▸ **Problem description**
Look below for the line holding "ที่เกิดเหตุ เป็นบ้านชั้นเดียว ภายในบ้านพบศพผู้เสียชีวิตรวม" and the line holding "PRADA普拉达PRD 菱格轻薄连帽棉服 上身效果#". Transcribe exactly those lines and all lines between them, nothing more.

▸ **Records shown**
*** Block opens ***

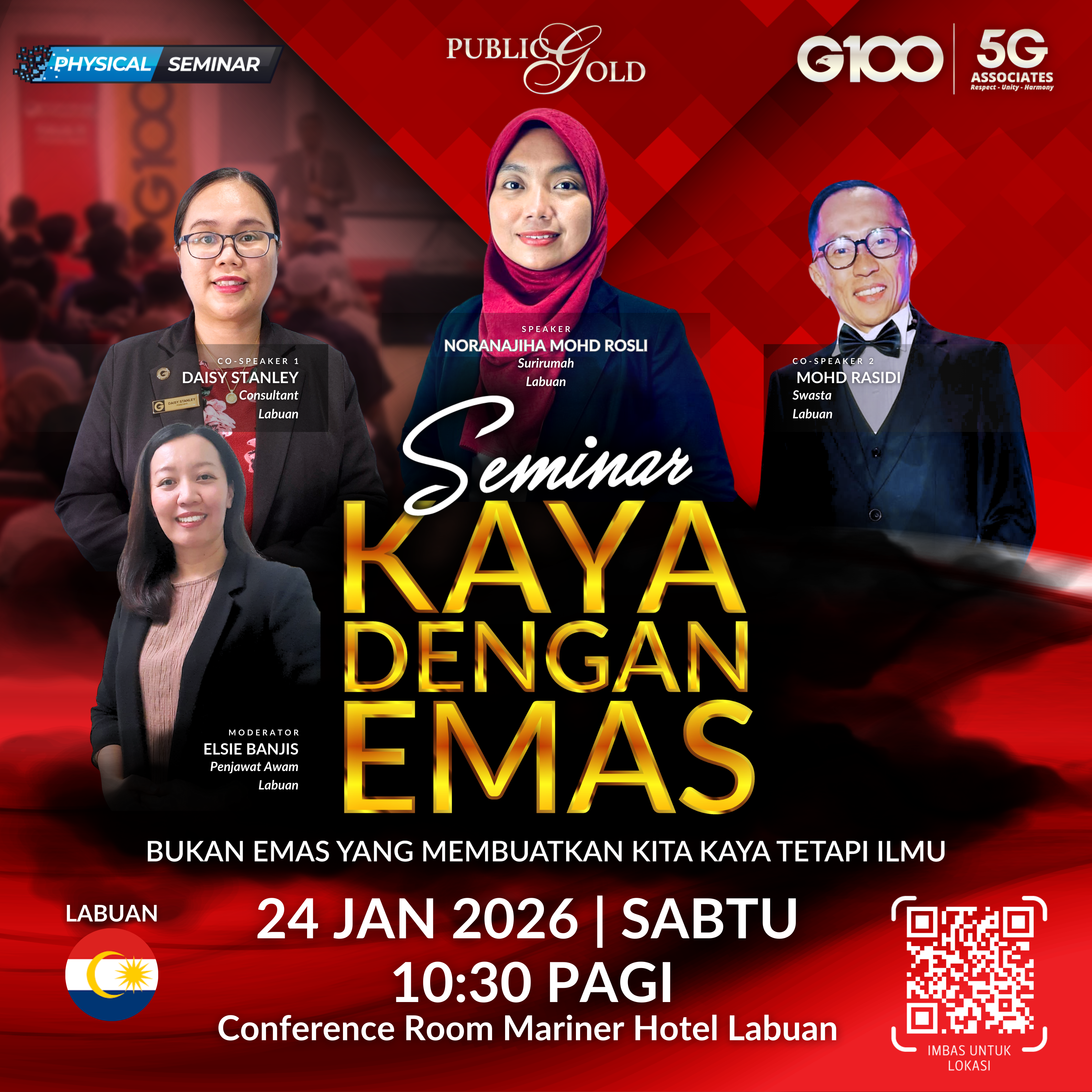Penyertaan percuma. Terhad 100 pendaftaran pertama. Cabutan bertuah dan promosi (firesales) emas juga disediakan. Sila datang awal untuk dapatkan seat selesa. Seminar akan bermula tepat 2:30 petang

*** Block closes ***
*** Block opens ***

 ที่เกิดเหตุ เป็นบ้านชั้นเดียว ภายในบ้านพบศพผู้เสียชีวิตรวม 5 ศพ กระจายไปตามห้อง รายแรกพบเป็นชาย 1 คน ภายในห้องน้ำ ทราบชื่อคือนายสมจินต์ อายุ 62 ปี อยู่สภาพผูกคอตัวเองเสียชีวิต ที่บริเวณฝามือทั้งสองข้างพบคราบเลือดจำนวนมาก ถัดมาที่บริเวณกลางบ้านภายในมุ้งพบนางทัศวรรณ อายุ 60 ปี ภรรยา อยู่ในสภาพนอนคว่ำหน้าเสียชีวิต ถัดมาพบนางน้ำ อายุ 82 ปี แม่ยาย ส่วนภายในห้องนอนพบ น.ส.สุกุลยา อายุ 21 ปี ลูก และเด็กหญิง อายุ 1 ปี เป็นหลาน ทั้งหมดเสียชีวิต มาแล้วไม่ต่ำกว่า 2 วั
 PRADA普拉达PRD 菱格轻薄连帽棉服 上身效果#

*** Block closes ***

▸ **The completed task**
 ที่เกิดเหตุ เป็นบ้านชั้นเดียว ภายในบ้านพบศพผู้เสียชีวิตรวม 5 ศพ กระจายไปตามห้อง รายแรกพบเป็นชาย 1 คน ภายในห้องน้ำ ทราบชื่อคือนายสมจินต์ อายุ 62 ปี อยู่สภาพผูกคอตัวเองเสียชีวิต ที่บริเวณฝามือทั้งสองข้างพบคราบเลือดจำนวนมาก ถัดมาที่บริเวณกลางบ้านภายในมุ้งพบนางทัศวรรณ อายุ 60 ปี ภรรยา อยู่ในสภาพนอนคว่ำหน้าเสียชีวิต ถัดมาพบนางน้ำ อายุ 82 ปี แม่ยาย ส่วนภายในห้องนอนพบ น.ส.สุกุลยา อายุ 21 ปี ลูก และเด็กหญิง อายุ 1 ปี เป็นหลาน ทั้งหมดเสียชีวิต มาแล้วไม่ต่ำกว่า 2 วั
 PRADA普拉达PRD 菱格轻薄连帽棉服 上身效果#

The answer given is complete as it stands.